Every now and then, probably when Mom was using the haircut bowl for something else, Daddy used to take me to the barbershop for a dollar haircut. My hair was snipped halfway down my ears, parted on the side, and pulled off my forehead with a small barrette raked across my scalp. I think I can still feel the furrow. Mom could jam that sucker in there so that it would last all day. There was enough DNA in one of those barrettes to clone me.
By the time I was tipped unwillingly into adolescence, by a sheer stroke of genetic fortune I had the kind of hair that was popular at the time. It was straight, light, and long enough to iron on an ironing board without bending over. In fact the object for the next eight years was to grow it as long as it would naturally go before petering out into a fuzzy hem of split ends. That would be just below the butt crack, so it was pretty long, although one must note that there isn’t as much distance between my head and my butt as there is on regular people. But still.
And that is why I never had cause to visit a professional beauty salon until I was a junior in college, when I was living in London and suddenly unfashionable. Since I hadn’t had a haircut in eight years, I decided to go big and go to the Vidal Sassoon salon. That’s where I first learned that there are two parts to the beautician’s job: to make you beautiful, and to persuade you that you are in calamitous need of being made beautiful. That, in fact, you are hopeless and pathetic, without professional assistance.
“I don’t know,” the man said, curling a lip in distaste, lifting a section of my hair and letting it drop. My proud, glossy curtain was abruptly revealed to be a sad, stringy bundle of possum fur. Lift, drop. Grimace. Lift, drop. Grimace. Tsk, tsk, cavernous sigh. “I guess I can do something.” With a look of bleak despair, he asked me what I had in mind. Thence came the following exchange, a classic of dueling idioms, in which I, in my American accent, apparently declined a proposition he never made, and he introduced me to the British term for a hairstyle that can be maintained with a hair dryer alone:
“I dunno. I don’t wanna Shag, really.”
“Well, do you want a blow job, then?”
The execution of the haircut–at that point, whatever he wanted to do–progressed in awkward silence.

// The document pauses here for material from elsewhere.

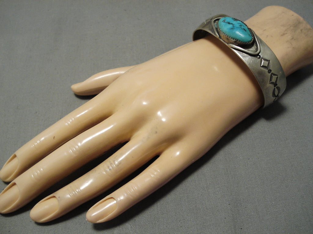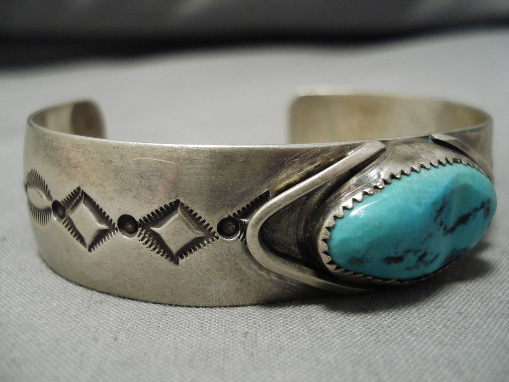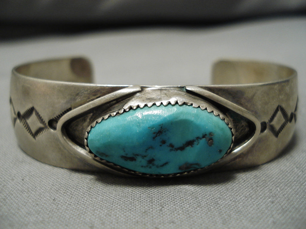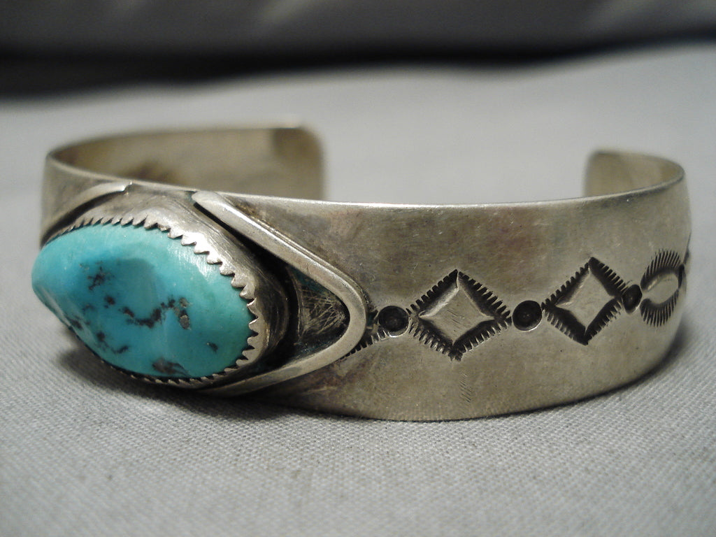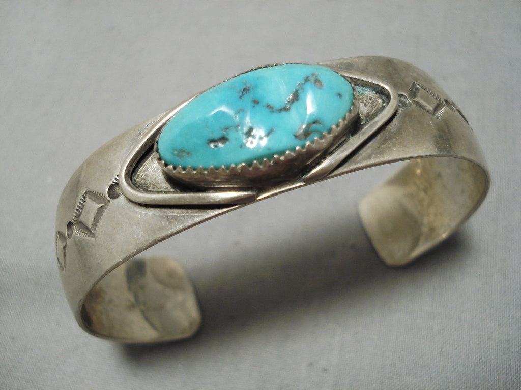 Authentic Vintage Native American Navajo Louis Yazzie Turquoise Sterling Silver Bracelet Old

Subsequent professional haircuts followed the same pattern. The beautician stood behind me, lifting and dropping my hair while glowering into the mirror, and finally allows he might be able to do something with my hair if he does enough texturing and sells me enough Product and only because he is a genius. Once I visited a friend’s recommended stylist and it all went pretty well, in the sense that he kept his despair about what I’d given him to work with to himself, and I thought the result was just fine too, when he spun me around and gave me my glasses back.
“Great!” I said.
“Do you want me to do anything about this?” he said.
About what now?
He puckered up his face in genuine concern and ran his fingertips over my cheeks, where, for the very first time, I was made to notice I had a fine thick blonde beard, and that there might need to be something “done” about it.

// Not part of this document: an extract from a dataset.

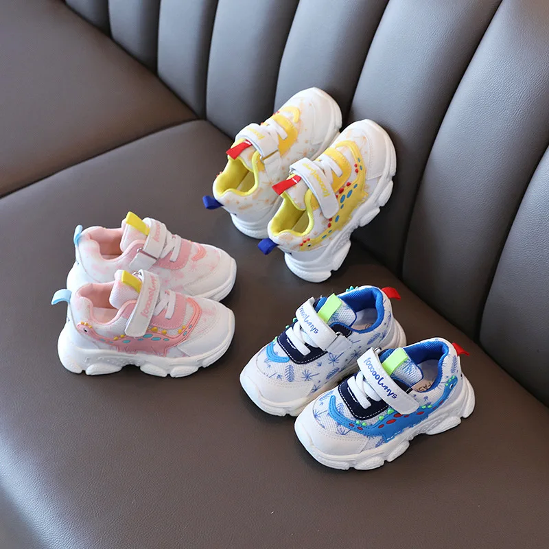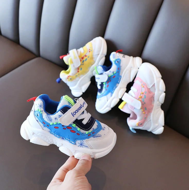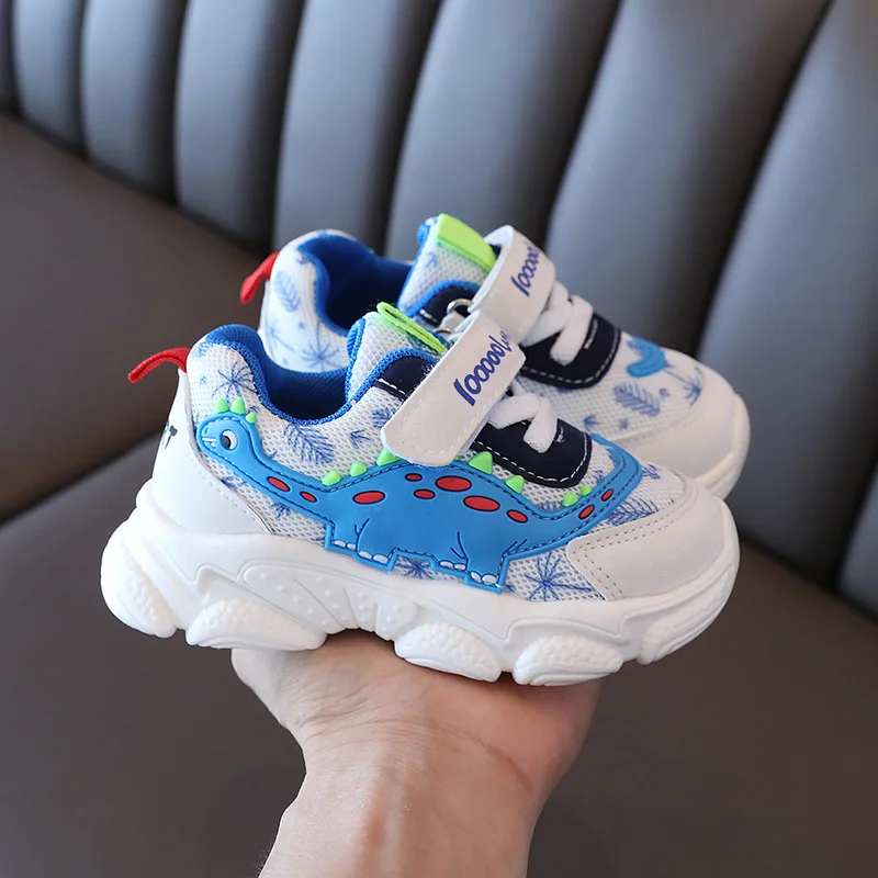 Кроссовки детские, сетчатые, дышащие, Осенние, с мультяшным динозавром, для малышей, 2021

“No, thank you, that’s fine the way it is,” I said, reserving a portion of his tip for an extra adult beverage.
So went the next thirty years, during which I twice grew out my hair long again so as to avoid seeing myself through a hairstylist’s eyes, and now I’m back to short, especially since there is a nice barber right around the corner who charges me the senior rate of $12 even though I’ve told her several times that, in spite of appearances, I’m three years shy. “Oh go on, you,” she giggles, and continues to charge me less. I’ve decided to accept that.
Or “Your face is too long.” Or “You need more hair to cover that thin spot at your temples.” Or “That gray is washing you out.” Or “You might want to pull the attention up and away from your eyebrows…at this point.”
And I nod and think: Twelve dollars, twelve dollars, twelve dollars.
But the last time I vowed to persevere, and I demanded it short. Very short.
“How short?” she said, masking disapproval.
As long as it’s just a little longer than my beard, I’m good.